Things began to look up with the arrival of the pollo rostizado. The roasted half bird seemed just out of the oven with nicely crisped skin and juices still running. Yet where was the flavor of the advertised mojito sauce? It lacked the fresh biting taste of sour oranges.

Likewise, the broiled salmon with ajo sauce was short on flavor. The fish itself was fresh and nicely broiled (remind your waiter if you want it rare), but not as garlicky as it should be. You won't go hungry ordering it, though--it comes with a Paul Bunyan-sized heap of steamed yuca topped with more garlic sauce and a generous helping of mixed organic baby lettuce.
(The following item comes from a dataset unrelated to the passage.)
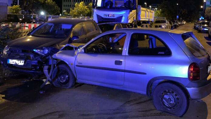 An der Kreuzung zur Strahlenberger Straße verlor der 20-jährige Fahrer aus dem Landkreis Limburg-Weilburg die Kontrolle über seinen Wagen. Der Opel überfuhr einen Bordstein und prallte anschließend gegen drei geparkte Fahrzeuge, die durch die Wucht des Aufpralls ineinandergeschoben wurden. Auch der Streifenwagen verunglückte bei der Nachfahrt und stieß gegen einen Ampelmast.

The paella makes an impressive entrance, piled dramatically high with mussels, salmon and crab, the rice studded with chicken and Spanish-style sausage. But a red oil oozes from its edges, and the prevalent flavor was the iodine-like taste of stale shellfish. Some of the stewed crab had the straw-like texture and feeble flavor of something that's been thawed and re-frozen several times, then overcooked. It was excruciatingly difficult to remove from the shells, and not worth the effort.

For dessert, the banana-split cake sounded like a wonderfully baroque thing to share. It's frozen pound cake edged with dulce de leche of caramelized milk and ice cream, smothered with fresh bananas and aerated whipped cream. In short, pleasant enough, but put together from ready-made components.
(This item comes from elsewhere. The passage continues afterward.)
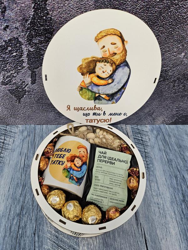 Всем дочерям на заметку📝 Уже через несколько дней день папы🤠 Айда в Директ📩, чтобы выбрать подарок 😉 И в этой публикации вариант подарка именно от дочери Состав 👇 ▫️чашка 330мл; ▫️чай для идеального перерыва 50г; ▫️ферреро рошер 3шт; ▫️фисташки 50г; ▫️соленый арахис 50г; ▫️конфеты coffeelike 6шт; ▫️подарочный деревянный наполнитель; ▫️коробка 20см🔄×8см⬆️; 💸750грн💸 В боксе можно сменить чай на кофе, поставить чашку с другим рисунком, сменить орехи или коробку для Татуся😎 ✅️Все для вашего удобства✅️ Наполнение, которое точно понравится папе и станет бюджетным вариантом оригинального подарка.

Fried Bananas' pedigree has been widely advertised--it's "from the owners of the Gaucho Grills." With so much restaurant experience, I'm surprised the management has neither created original dishes nor done a good job with Cuban classics. If as much care and imagination had gone into the food as the wonderful decor, Fried Bananas would be a smashing place. Now it's all dressed up--and, for discerning food lovers, no place to go.

* Fried Bananas, 8288 Santa Monica Blvd., West Hollywood, (323) 650-1202. Open 4 to 10 p.m. Monday through Thursday, 12:30-11:30 p.m. Friday and Saturday, 12:30-10 p.m. Sunday. Full bar. Street parking and parking lot. All major cards. Dinner for two, food only, $30 to $58.

* What to Get: pollo rostizado, salmon al ajo, pollo empanizado, banana-split cake.